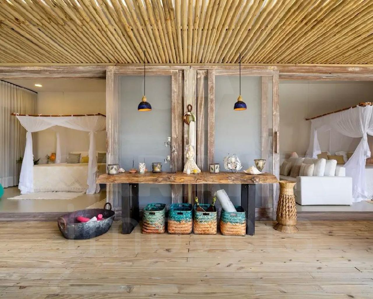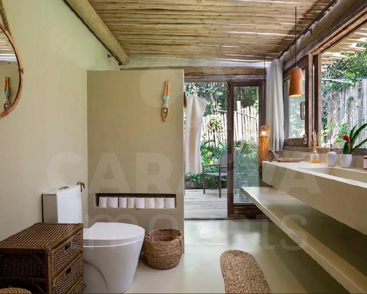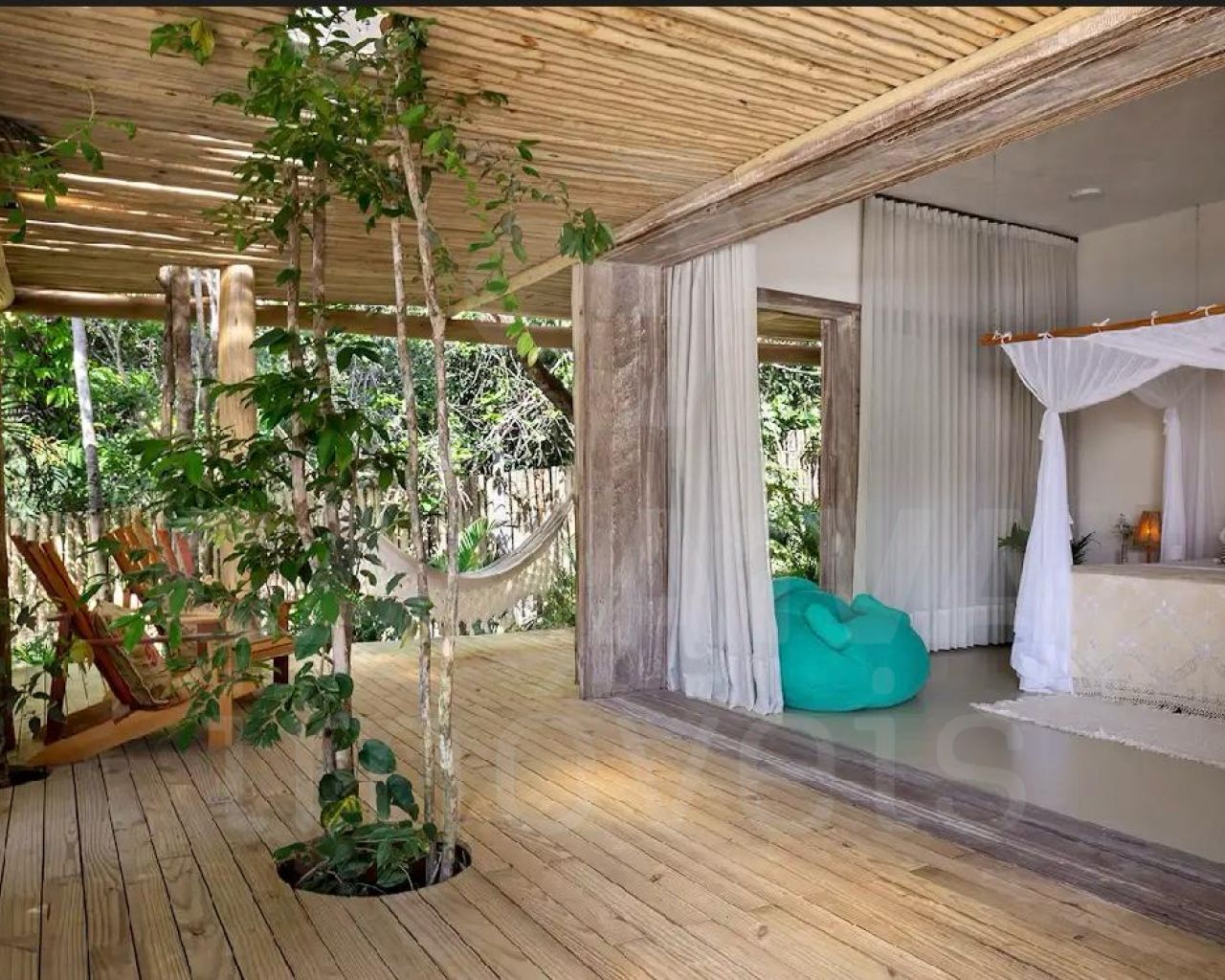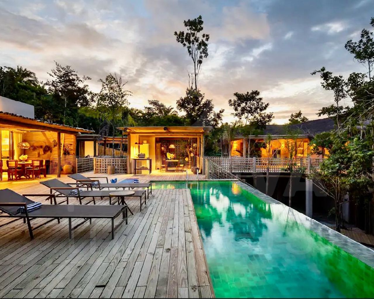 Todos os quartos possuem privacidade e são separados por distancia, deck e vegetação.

★ ★ ★ ★ ★ ★ ★

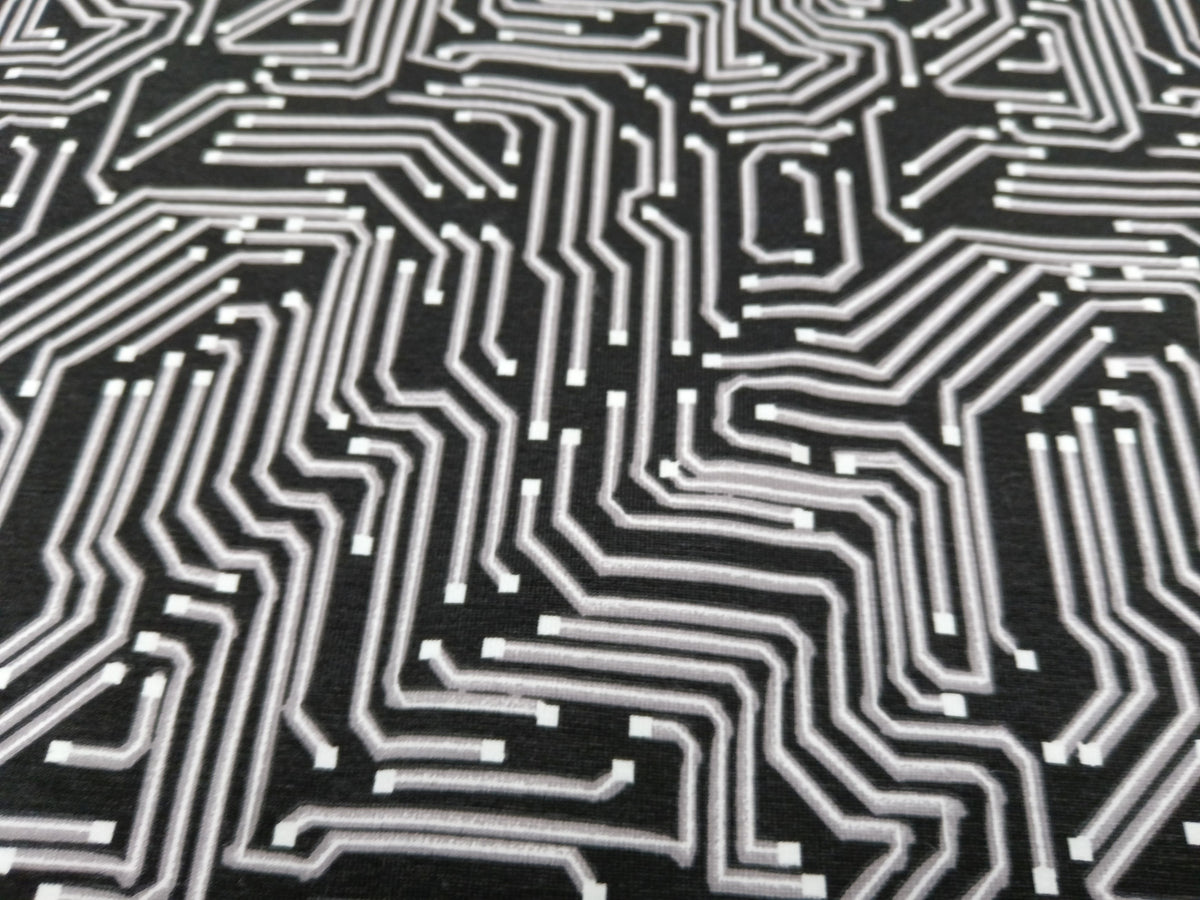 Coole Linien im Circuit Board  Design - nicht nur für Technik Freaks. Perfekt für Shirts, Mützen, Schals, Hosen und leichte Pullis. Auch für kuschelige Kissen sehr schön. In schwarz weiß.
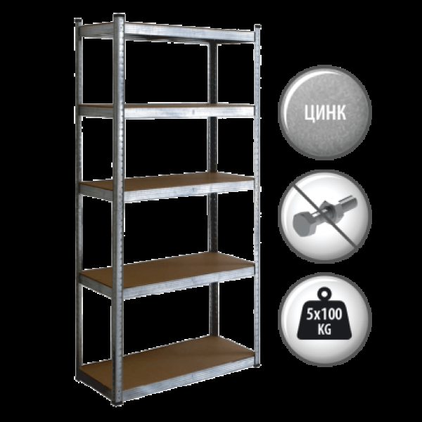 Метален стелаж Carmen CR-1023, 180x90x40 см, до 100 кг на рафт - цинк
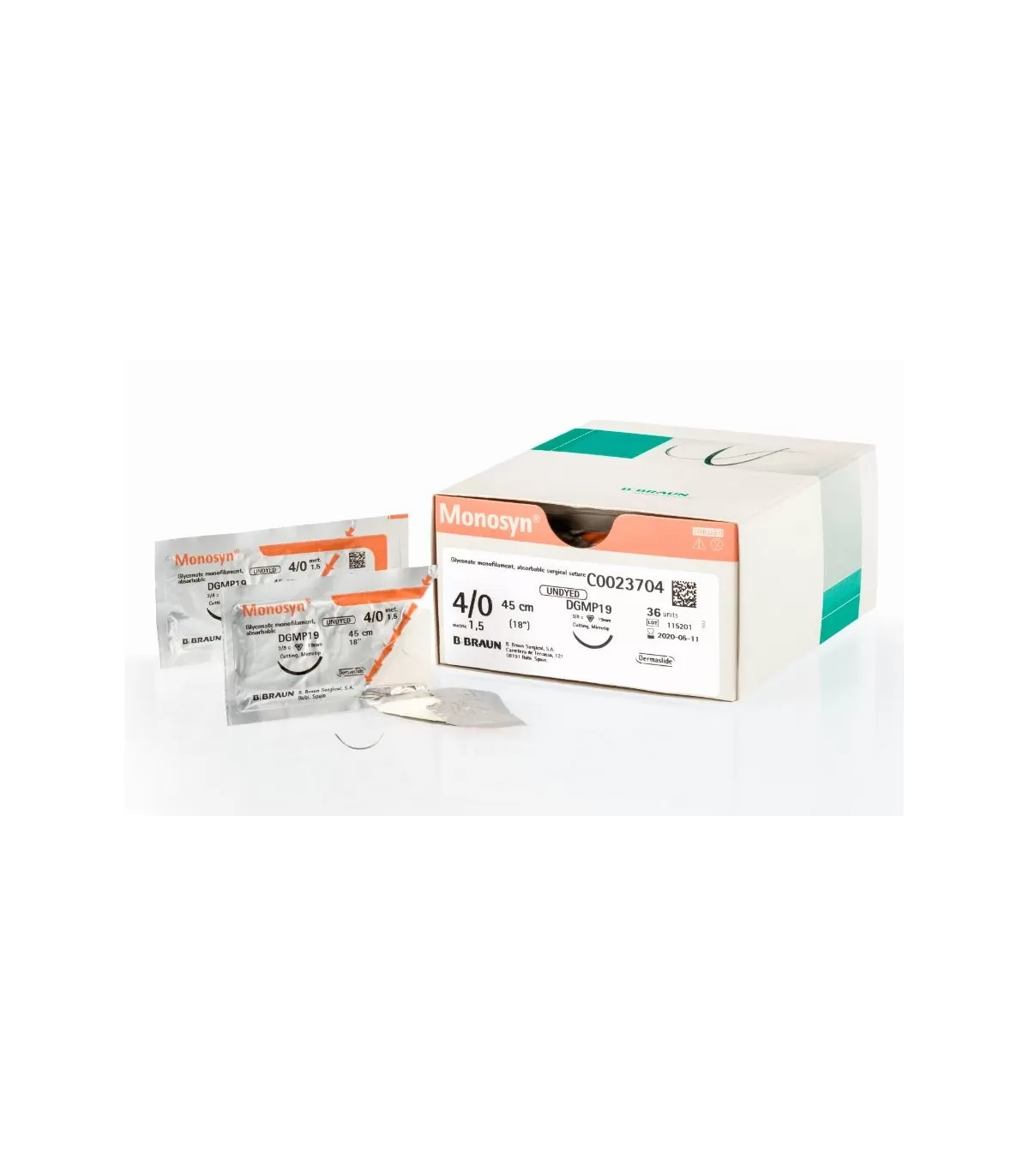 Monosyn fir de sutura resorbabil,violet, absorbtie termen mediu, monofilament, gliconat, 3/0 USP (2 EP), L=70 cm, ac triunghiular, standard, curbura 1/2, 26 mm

★ ★ ★ ★ ★ ★ ★

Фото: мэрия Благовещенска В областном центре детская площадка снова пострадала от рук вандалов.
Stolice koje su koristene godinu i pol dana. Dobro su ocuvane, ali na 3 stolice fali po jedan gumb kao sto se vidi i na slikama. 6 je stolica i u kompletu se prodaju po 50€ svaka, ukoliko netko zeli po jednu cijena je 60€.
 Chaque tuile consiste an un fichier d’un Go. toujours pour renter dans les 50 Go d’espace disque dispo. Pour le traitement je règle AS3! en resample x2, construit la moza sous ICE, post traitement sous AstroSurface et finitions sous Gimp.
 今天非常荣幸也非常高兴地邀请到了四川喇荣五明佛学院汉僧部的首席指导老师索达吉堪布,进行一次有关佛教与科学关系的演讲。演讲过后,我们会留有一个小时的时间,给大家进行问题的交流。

★ ★ ★ ★ ★ ★ ★

■ **Requirement**
Return only the stretch of the material above from the line holding "Chaque tuile consiste" through the line holding "今天非常荣幸也非常高兴地邀请", copied exactly.

■ **Exercise response**
 Chaque tuile consiste an un fichier d’un Go. toujours pour renter dans les 50 Go d’espace disque dispo. Pour le traitement je règle AS3! en resample x2, construit la moza sous ICE, post traitement sous AstroSurface et finitions sous Gimp.
 今天非常荣幸也非常高兴地邀请到了四川喇荣五明佛学院汉僧部的首席指导老师索达吉堪布,进行一次有关佛教与科学关系的演讲。演讲过后,我们会留有一个小时的时间,给大家进行问题的交流。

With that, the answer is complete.